Hello to Trigger123.
I have also avoided posting on this thread because you seem to get cross at many of the suggestions that come your way. But you are still here, having the conversations, so kudos to you for coming back.
Firstly, he's a nice looking type of cob. There's a secret you should know about horses like him... They are clever
When you rode him in a trek with 50 horses, he had it easy. He didn't have to think about threats, or spooks, or anything because he was in a big old herd, and was probably happy to follow nose to tail with all his mates. In addition, you had it easy because you were on a relaxed horse surrounded by helpful people and horses.
I think you also rode him at Rhosroyalvelvet's if I am reading this thread right? Before you bought him? If I understand correctly, he had three months or so of training there, sorting out his attitude and generally making him into a nice riding horse.

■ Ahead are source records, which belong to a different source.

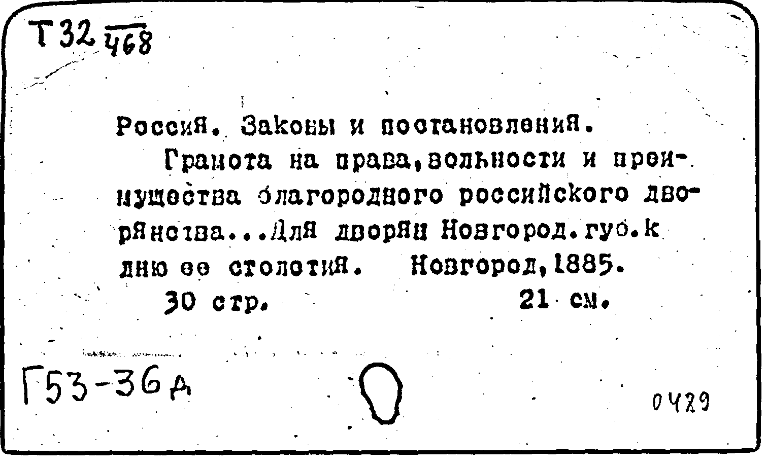 Грамота на права, вольности и преимущества благородного российского дворянства...
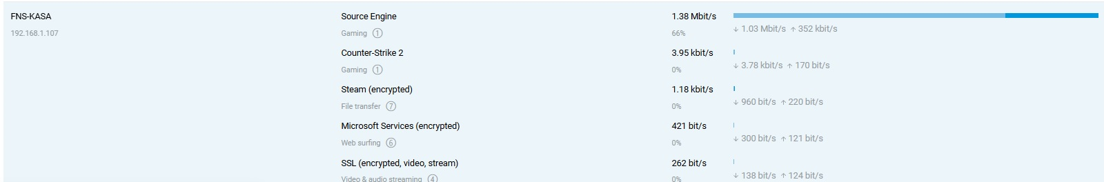 Regarding CS2 classification: after studying the diagnostics provided by you, it looks like UDP flows of gaming traffic were classified as "Source Engine", as they should be. Example: flow 611584 (U (17) 192.168.1.107:46517 -> 45.92.38.55:28016) classified as "Gaming":"Source Engine" (947) Please note, a significant amount of the traffic caused by Counter Strike 2 will be classified as Source Engine, the gaming engine on which the game is based. Can you double check whether Application Traffic Analyser shows “Source Engine” when a CS2 gaming session is in progress? -
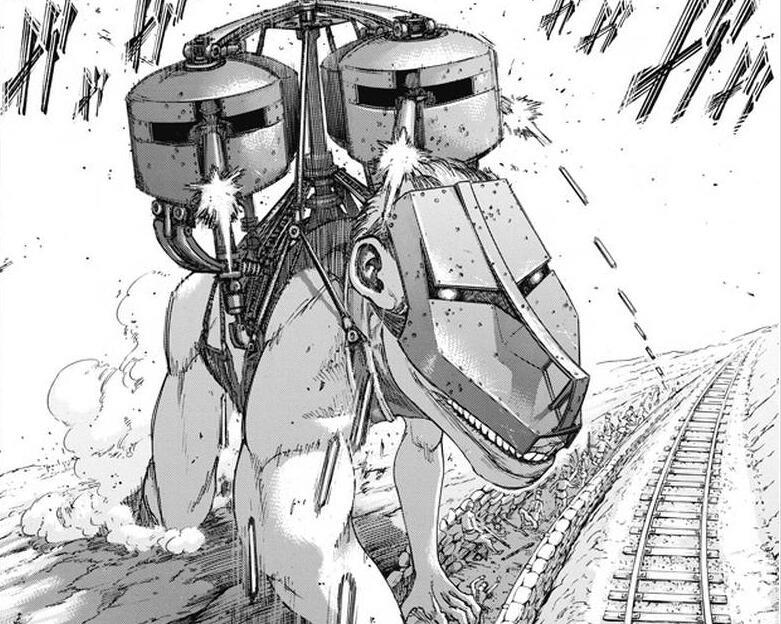 漫画81话,四足茶几巨救下兽之巨人后,以说话方式命令其余巨人去拦截利威尔。说话的权限已经让四足茶几巨凌驾于【奇行种】之上,虽有伊尔泽的OAD外传,其中遇到的奇行种同样能断断续续说话,但91话漫画里,四足茶几巨可是背上扶着两个机枪碉堡!如果说,巨人有着杀戮人类的本性,那么四足茶几巨便是克服自己吃人的本性,这已然是智慧巨人的范畴。

Then his situation changed BIG TIME. He came to stay with you. In a new home. With new companions or no companions? Suddenly he is not as secure as he was before and he needed a leader.
Don't underestimate how much this horse has read your body language since he arrived. You might think that you weren't displaying nerves, and that you were exuding confidence... But he will have seen straight into the recesses of your brain and he will have spotted all the questions you had about how to handle him, how to correct him, how to ride him forward.
And once he saw your weaknesses, you were done for and caused the problems you came here about.
But all is not lost!! This can be as easily rectified as it has happened. Go to your local tack shop, or talk to your friends, or 'phone up the local pony club, or ask at the vets. Find an instructor who will come out to your place - this might cost £20-£40 (sorry, not sure now if you are in the UK or Ireland). Have a lesson in your field. If you can save up money for his bridle, or his vet bills, or his winter feed, then you can get yourself a lesson. And you will be so much happier with a few more tools under your belt.
Handling a pushy Cob is a skill in itself whether in the ground or in the saddle. There is nothing to be lost, and all to be learnt by having a couple of lessons.